Muscle spindles are stretch receptors within the body of a muscle that primarily detect changes in the length of the muscle. They convey length information to the central nervous system via afferent nerve fibers. This information can be processed by the brain to determine the position of body parts. The responses of muscle spindles to changes in length also play an important role in regulating the contraction of muscles, by activating motor neurons via the stretch reflex to resist muscle stretch.
The muscle spindle has both sensory and motor components.
Mammalian muscle spindle showing typical position in a muscle (left), neuronal connections in spinal cord (middle) and expanded schematic (right). The spindle is a stretch receptor with its own motor supply consisting of several intrafusal muscle fibres. The sensory endings of a primary (group Ia) afferent and a secondary (group II) afferent coil around the non-contractile central portions of the intrafusal fibres. Gamma motoneurons activate the intrafusal muscle fibres, changing the resting firing rate and stretch-sensitivity of the afferents. [a]

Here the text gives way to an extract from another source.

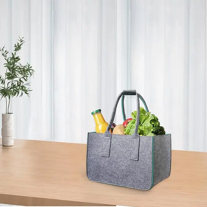 شراء بالجملة بسعر رخيص، سلة تسوق بمقبض طويل وجيب داخلي متعدد الاستخدامات وحقيبة تخزين ألعاب من اللباد

Muscle spindles are found within the belly of muscles, between extrafusal muscle fibers.[b] The specialised fibers that constitute the muscle spindle are known as intrafusal fibers (as they are present within the spindle), to distinguish themselves from the fibres of the muscle itself which are called extrafusal fibers. Muscle spindles have a capsule of connective tissue, and run parallel to the extrafusal muscle fibers[c].
Muscle spindles are composed of three to twelve muscle fibers, of which there are three types: dynamic nuclear bag fibers (bag1 fibers), static nuclear bag fibers (bag2 fibers), nuclear chain fibers and afferent nerve fibers.
Sensory fibres spiral around the intrafusal muscle fibres, ending near the middle of each fibre. These fibres, primary type Ia sensory fibers and secondary type II sensory fibers, send information by stretch-sensitive ion-channels of the axons.
The motor part of the spindle is provided by motor neurons: up to a dozen gamma motor neurons and one or two beta motor neurons, collectively called fusimotor neurons. These activate the muscle fibres within the spindle. Gamma motor neurons supply only muscle fibres within the spindle, whereas beta motor neurons supply muscle fibres both within and outside of the spindle. Activation of the neurons causes a contraction and stiffening of the end parts of the muscle spindle muscle fibers.
Fusimotor neurons are classified as static or dynamic according to the type of muscle fibers they innervate and their effects on the responses of the Ia and II sensory neurons innervating the central, non-contractile part of the muscle spindle.
Efferent nerve fibers of gamma motoneurons also terminate in muscle spindles; they make synapses at either or both of the ends of the intrafusal muscle fibers and regulate the sensitivity of the sensory afferents, which are located in the non-contractile central (equatorial) region.
When a muscle is stretched, primary type Ia sensory fibers of the muscle spindle respond to both changes in muscle length and velocity and transmit this activity to the spinal cord in the form of changes in the rate of action potentials. Likewise, secondary type II sensory fibers respond to muscle length changes (but with a smaller velocity-sensitive component) and transmit this signal to the spinal cord. The Ia afferent signals are transmitted monosynaptically to many alpha motor neurons of the receptor-bearing muscle. The reflexly evoked activity in the alpha motoneurons is then transmitted via their efferent axons to the extrafusal fibers of the muscle, which generate force and thereby resist the stretch. The Ia afferent signal is also transmitted polysynaptically through interneurons (Ia inhibitory interneurons), which inhibit alpha motoneurons of antagonist muscles, causing them to relax.
The function of the gamma motor neurons is not to supplement the force of muscle contraction provided by the extrafusal fibers, but to modify the sensitivity of the muscle spindle sensory afferents to stretch. Upon release of acetylcholine by the active gamma motor neuron, the end portions of the intrafusal muscle fibers contract, thus elongating the non-contractile central portions (see "fusimotor action" schematic below). This opens stretch-sensitive ion channels of the sensory endings, leading to an influx of sodium ions. This raises the resting potential of the endings, thereby increasing the probability of action potential firing, thus increasing the stretch-sensitivity of the muscle spindle afferents.
How does the central nervous system control gamma fusimotor neurons? It has been difficult to record from gamma motoneurons during normal movement because they have very small axons. Several theories have been proposed, based on recordings from spindle afferents.
After stroke or spinal cord injury in humans, spastic hypertonia (spastic paralysis) often develops, whereby the stretch reflex in flexor muscles of the arms and extensor muscles of the legs is overly sensitive. This results in abnormal postures, stiffness and contractures. Hypertonia may be the result of over-sensitivity of alpha motoneurons and interneurons to the Ia and II afferent signals.